Supplied material =
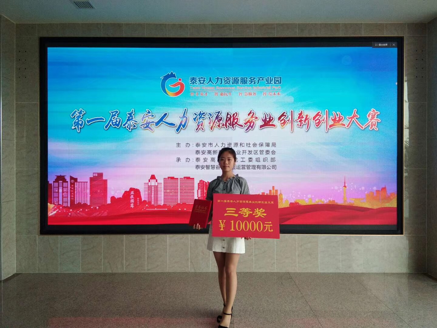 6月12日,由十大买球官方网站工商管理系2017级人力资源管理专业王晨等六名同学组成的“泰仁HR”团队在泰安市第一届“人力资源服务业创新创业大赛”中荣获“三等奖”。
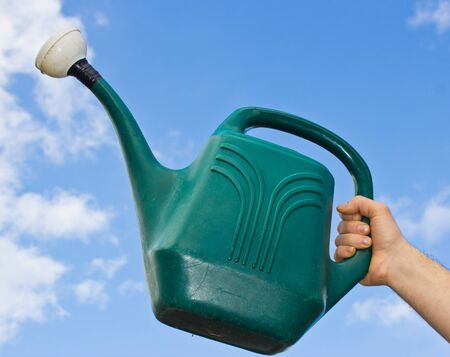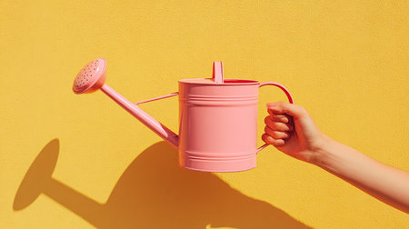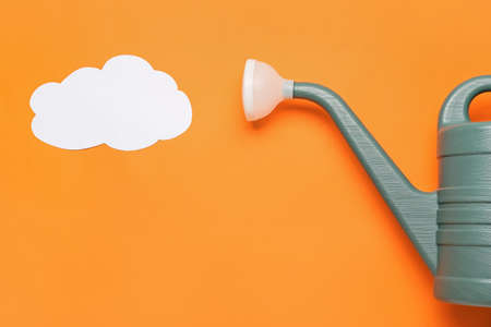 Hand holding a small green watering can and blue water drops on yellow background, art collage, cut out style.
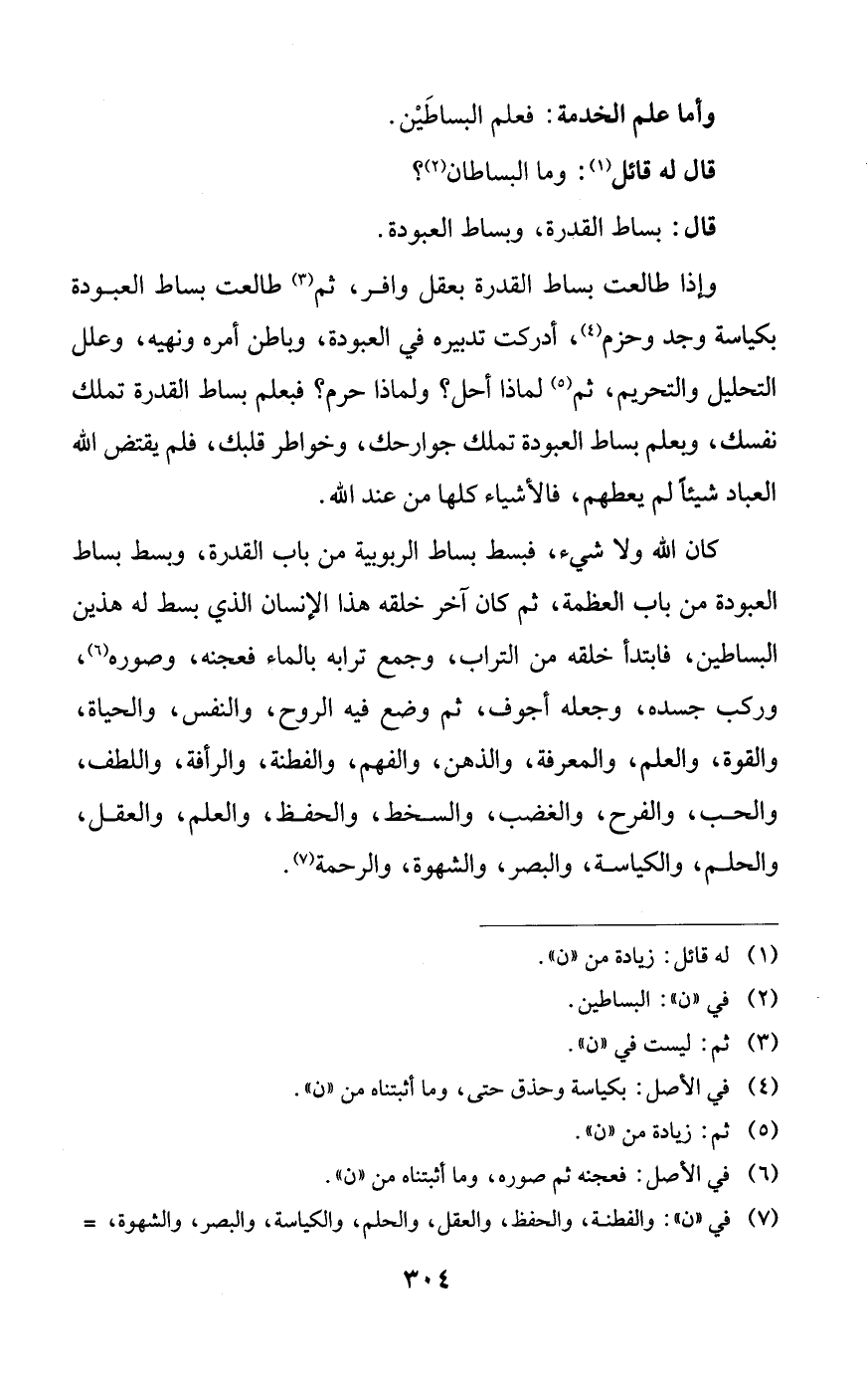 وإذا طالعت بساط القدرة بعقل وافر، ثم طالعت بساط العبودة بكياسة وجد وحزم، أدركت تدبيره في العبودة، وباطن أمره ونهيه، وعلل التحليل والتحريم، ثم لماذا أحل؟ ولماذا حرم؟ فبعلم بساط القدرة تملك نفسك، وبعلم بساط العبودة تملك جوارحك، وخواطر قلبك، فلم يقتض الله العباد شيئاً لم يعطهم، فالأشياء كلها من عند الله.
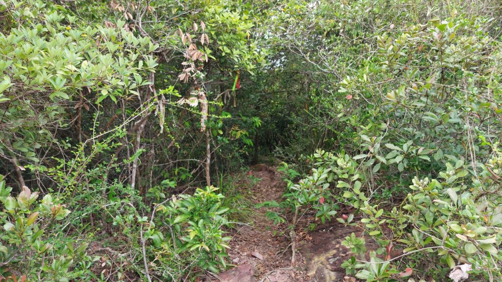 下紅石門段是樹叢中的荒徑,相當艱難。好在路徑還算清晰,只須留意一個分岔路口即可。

Problem to solve = Except for the pictures, print the data above exactly.

Response area =
 6月12日,由十大买球官方网站工商管理系2017级人力资源管理专业王晨等六名同学组成的“泰仁HR”团队在泰安市第一届“人力资源服务业创新创业大赛”中荣获“三等奖”。
 Hand holding a small green watering can and blue water drops on yellow background, art collage, cut out style.
 وإذا طالعت بساط القدرة بعقل وافر، ثم طالعت بساط العبودة بكياسة وجد وحزم، أدركت تدبيره في العبودة، وباطن أمره ونهيه، وعلل التحليل والتحريم، ثم لماذا أحل؟ ولماذا حرم؟ فبعلم بساط القدرة تملك نفسك، وبعلم بساط العبودة تملك جوارحك، وخواطر قلبك، فلم يقتض الله العباد شيئاً لم يعطهم، فالأشياء كلها من عند الله.
 下紅石門段是樹叢中的荒徑,相當艱難。好在路徑還算清晰,只須留意一個分岔路口即可。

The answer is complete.